Major health care deal may be on the cards
The firm, which is listed on the Nigerian Stock Exchange (NSE), is the best performing stock on the NSE Healthcare sector year to date.
Interestingly, sources tell “Heard on the Street” that the acquiring firm is also a Healthcare firm listed on the NSE.
A merger should be growth positive for the sector which is grappling with higher input costs as the recent devaluation of the naira leads to some costs pressures for most pharmaceutical firms in Africa’s largest economy.
Nigeria’s pharmaceutical imports are forecast to reach $789 million by 2018, widening the country’s pharmaceutical trade deficit from the $475 million it posted in 2013, according to a 2015 report by PWC.

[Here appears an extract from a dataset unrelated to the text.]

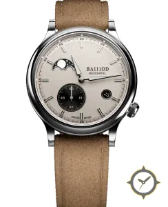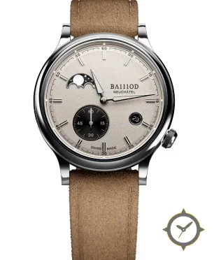Eine Dress-Uhr mit einem markanten 49mm Auftritt am Handgelenk, gefertigt aus Edelstahl mit einem Zifferblatt in weiß und einer besonderen "matte, lightly grained/sandblasted texture"-Oberfläche und einer wunderschönen Mondphasenanzeige.

Other challenges stunting the growth of the sector are counterfeit drugs, lack of meaningful patent legislation on pricing, and a chronically underfunded healthcare sector.
Finance costs are also expected to remain a drag to Healthcare companies’ earnings, which have taken loans in a bid to expand their capacities, and align their operations to attain Good Manufacturing Practices (GMP) status.
The Pharmaceutical industry in Nigeria has spent over $600 million (N120 billion) to attain World Health Organisation (WHO) certification and pre-qualification for about four local firms in the country.
The growth potentials in the sector, from the rise in non-communicable diseases (NLS) such as diabetes, hypertension and cancer are thought to be a major rationale for the deal.
Also a takeover or merger deal should bolster the balance sheet of the new company, enabling it to invest more in innovation and research, while reducing the competition in the sector.
The industry is also becoming more attractive to foreign investors who are willing to partner with local manufacturers.